I haven't seen the kids in person in nearly a year and a half; they've grown huge and there're brains in their heads they've learned how to use, often to hilarious effect. It's unclear if Small Dude has deduced on his own that Justin Bieber is someone to--what's the opposite of "emulate"? Despise? Anyway, Small Dude drew a picture for his mom of an airplane with a person falling out of it. When asked for clarification, Justin Bieber was thrown off the plane and good riddance. I wanted to know if he really didn't like the Bieber (that's my little guy!) or if he picked up on my bro's dislike of the titbag, so I asked him over Skype about it. "POW POW!" he answered. Apparently, if Bieber were there in person, he'd be attacked with all the fury contained in a tiny four year old body. 

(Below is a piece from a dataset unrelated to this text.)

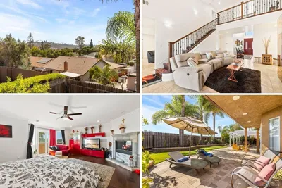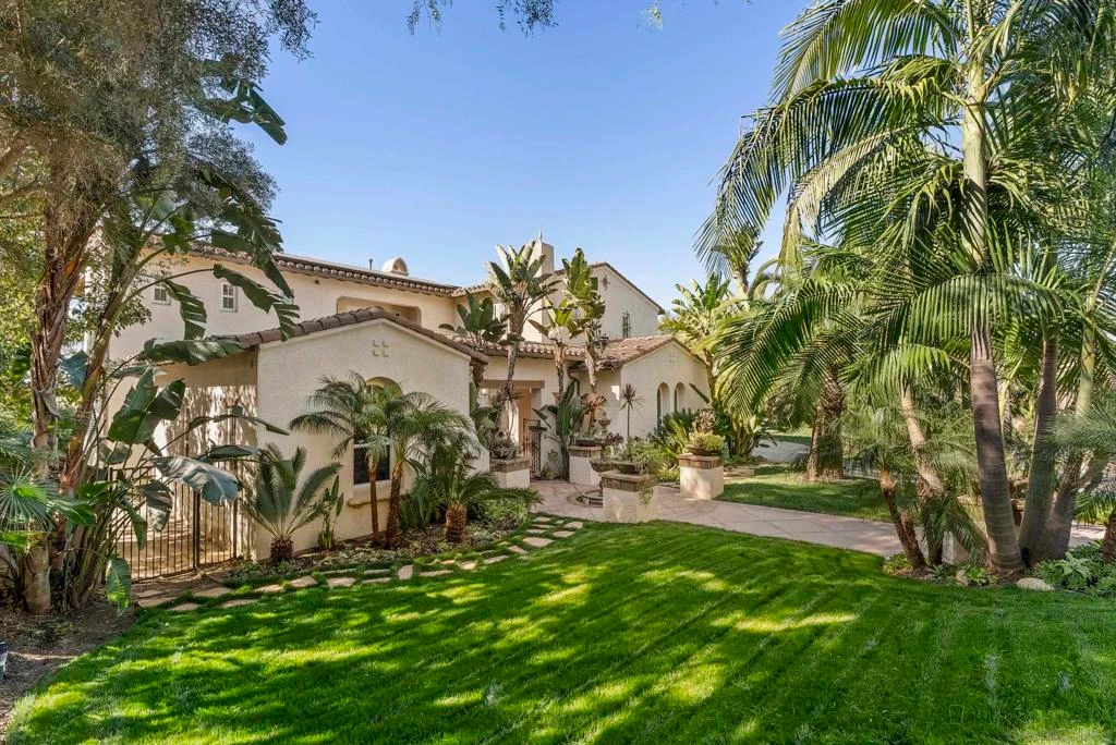 **COASTAL BREEZES. PANORAMIC VIEWS. OVER AN ACRE.** Set on just over an acre in a private enclave of estate homes, this property offers a rare combination of space, privacy, and sweeping sunset views across rolling hills. Elevated and open, the home captures a sense of quiet separation that’s difficult to find. The grounds unfold with expansive lawn and multiple areas to gather, while the natural slope beyond adds depth and flexibility for future use. The backyard is designed for both everyday living and entertaining, featuring a pergola-covered patio, outdoor fireplace, built-in BBQ, and mature landscaping that frames the setting. A gated courtyard entry with fountain creates a strong sense of arrival. Inside, approximately 4,850 sqft offers scale and versatility, with formal living and dining rooms, a private office, and a spacious family room with breakfast area that connects to the outdoors through multiple sets of French doors. All four bedrooms are en suites, including a separate-entry casita ideal for guests, extended family, or a private workspace. The primary suite is generous in size with dual water closets and ample counter space. The centrally located kitchen features granite countertops, stainless steel appliances, and an oversized island, opening to the home’s main gathering spaces. Owned solar and three A/C units provide efficiency and comfort. Move-in ready and highly livable, with a setting and layout that offer both immediate enjoyment and long-term flexibility. Bonsall Elementary School is located just down the street, as is Luiseno Park.

The duck face is a phenomenon I'm determined my niece and nephew will never participate in or encourage. To that effect, I've developed what my mom calls, "the horse's butt," which involves an unsightly over-extension of the lip flaps to the point that it begins to look like a sideways ass crack. At random times over Skype, I'll flash the horse's butt at the kids, which Small Dude takes as his cue to run away screaming, while his sister giggles because she remembers the pictures I showed her of "hot" chicks doing the duck face, only edited so you can understand they were really eating invisible spaghetti noodles. 

When my brother told me he and his wife were having another baby, I planned all the things I would teach the small fry. I didn't take into consideration my brother's foul mouth and the fact that the kids would be innately comfortable with "fuck" and "damn" touted about on a daily basis. So it was to my delight when, on one Skype chat, the kids sitting at their dining room table a few weeks before Christmas, I had the chance to get under my brother's skin. 

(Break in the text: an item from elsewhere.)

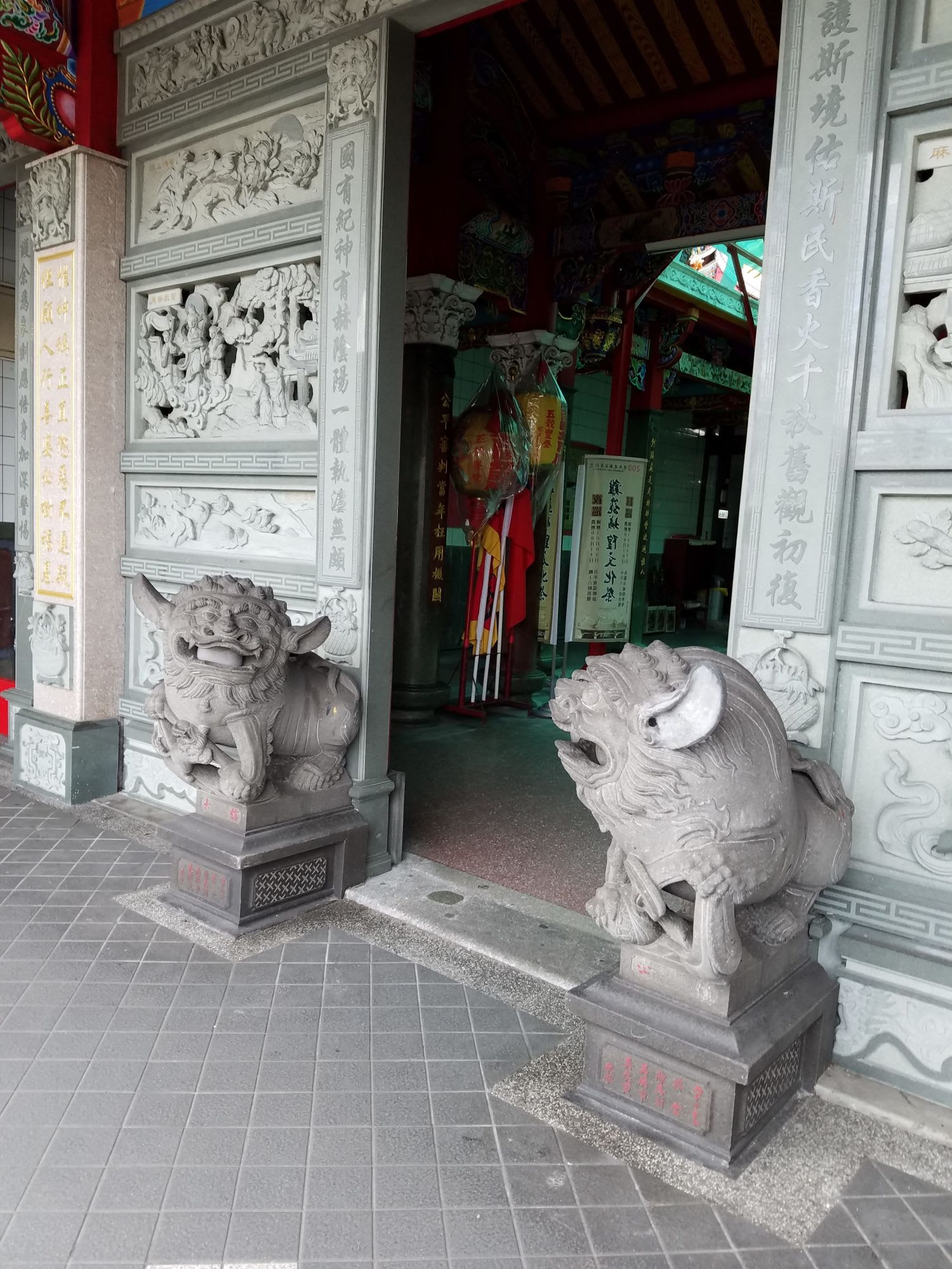 商店街の中の寺院の入り口の番人はちょっと かわいらしい。

My bro was being a dick, talking to me from behind their laptop where I could only make out a few words, so in retaliation, I asked Small Dude to hold up his hand with his palm facing him, and to make a fist. Then I guided him into pointing his tiny fist at his dad, and then to ease up the middle finger. And just like that, I taught my nephew to flip his dad off for the first time in his life.

My Skype session for that day was over, but I think my brother realized that his kids and I have a special bond. Certainly I didn't expect they would take up so much of my thoughts.